Issues surrounding bullying have taken a front seat in public discourse during the past few years, and the growing awareness has generally been regarded as a positive development.

But in recent months questions have been increasingly raised about the appropriateness and effectiveness of some anti-bullying efforts, and a few observers have even begun to wonder whether some programs do more harm than good.

The suicides of two students in different states last month, for instance, spawned just such a backlash. Both boys were allegedly bullied and killed themselves shortly after they viewed anti-bullying films at school. Some parents questioned whether the videos had the unintended effect of influencing fragile students to harm themselves.

Meanwhile, some California school districts have been sharply criticized for their aggressive monitoring of students' online activities. Glendale Unified School District, for example, hired an outside firm to track students' social media postings in an effort to discover potentially dangerous behavior such as bullying, a controversial move seen by some as infringing on free-speech rights and inviting unfair overreactions.

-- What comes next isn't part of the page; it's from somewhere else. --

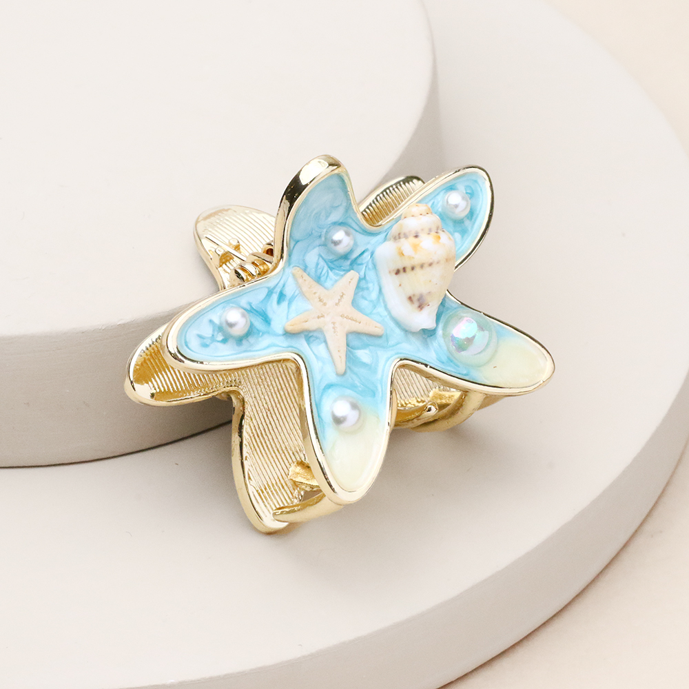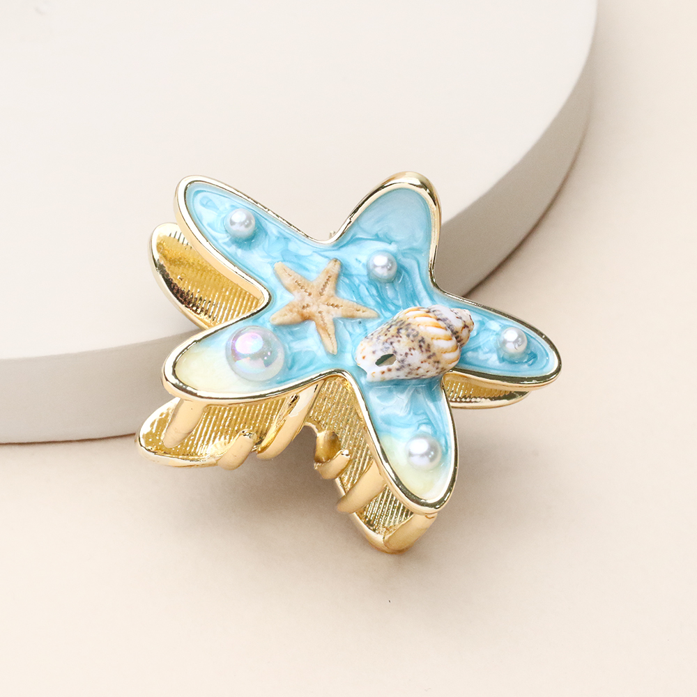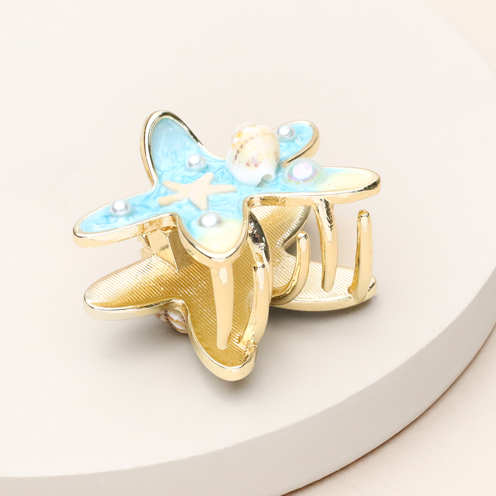 کلیپس ستاره دریا فانتزی با طرح ستاره دریایی و رنگ آبی صدفی، انتخابی رویایی برای طرفداران استایل‌های خاص و تابستانی است. بدنه فلزی آن با آبکاری طلایی باکیفیت ساخته شده که در ترکیب با پوشش صیقلی و براق ستاره، جلوه‌ای درخشان و جذاب به موها می‌بخشد. فنر محکم و دندانه‌های استاندارد این کلیپس، موها را به خوبی در جای خود ثابت نگه می‌دارد و طراحی مینیمال و در عین حال متفاوت آن، برای استفاده روزمره و دورهمی‌های دوستانه انتخابی عالی است.

Here in Newport-Mesa, the school board last month put the brakes on a plan to implement a text-in tip line for students to report concerns over bullying, drugs and other issues. The district's lawyers are studying the proposal, which will be reconsidered at a future board meeting.

Taken together, these developments underscore the point that bullying is a complex, deeply rooted problem that is intrinsically difficult to solve.

At least schools and other institutions have been awakened to the need to better address the toxic effects of bullying, and that's a good thing. Most are now struggling to create environments in which the humane treatment of others is encouraged, inappropriate behavior is dealt with quickly and assertively, and young people feel free to speak up when they feel threatened.

But attempts to find the right mix of punishment vs. reward, openness vs. privacy, and aggressive intervention vs. sensitivity to individual rights can be fraught with slippery issues. Every step that is taken to squelch undesired behavior might also carry the risk of unhappy repercussions.

"How far do we go?" is the rhetorical question posed by Jane Garland, NMUSD's director of outreach and advocacy programs.

Garland, who oversees disciplinary policies, is accustomed to tackling such thorny questions. She came up with the idea for a text-in tip line after an e-mail-based tip line generated virtually no response.

Kids like to text, she figured, so that's how they might feel more comfortable communicating their concerns to her. It's also a means of getting information immediately, so that steps can be taken to diffuse situations before they spiral out of control.

"I think we should do anything we can to get kids to talk to us," she said.

"Anything that people can report to us will help us do our jobs better."

Garland is sensitive to some of the concerns that have been raised about anti-bullying campaigns. When it comes to showing videos or using other outsourced products, careful scrutiny must be given to the information and the message conveyed, she said.

Most important, she stressed, is the need to give students a meaningful context to absorb and understand the material. It's no good to simply show a film, she said; it should be part of a comprehensive program that includes effective follow-up and discussion to ensure that kids are taking away positive and helpful messages, and that they are made fully aware of ways they can find help.

Garland does not believe, however, that educators have the right to monitor all of students' online activities outside the school setting. That is the province of parents, she said, although schools can be strong advocates for teaching children responsible and appropriate uses of electronic media.

Bullying can ruin young lives. And while it's certainly possible that some of the anti-bullying efforts we've seen of late have been misguided or, worse, harmful, it's important that we don't use any missteps as an excuse to downplay the damage that bullying wreaks on children.

And it's not just kids that get hurt. Bullying often continues throughout college and adult lives, and it's only now that we're finally beginning to recognize and understand the extent of such behavior and its consequences.

Just last week, for instance, the Miami Dolphins football organization suspended a player who allegedly harassed and bullied a teammate.

One could argue — and many have — that professional sports is a rough-and-tumble arena that requires thick skins to endure the hazing and locker-room taunts that are an inextricable part of that environment. Indeed, the team initially appeared reluctant to act on the charges of racist threats made by the player in question, dismissing the allegations as "speculation," before later issuing the suspension.

But that kind of denial and excuse-making needs to stop, and the fact that some light is now being shed into the insular, brutal world of football is a positive step.

Yes, it's possible to overreact, and great care needs to be taken to find the most effective and proactive means of discouraging bullying. But the greater danger lies in putting bullying back into the dark closet where it festered unnoticed by too many for too long.

PATRICE APODACA is a former Newport-Mesa public school parent and former Los Angeles Times staff writer. She lives in Newport Beach.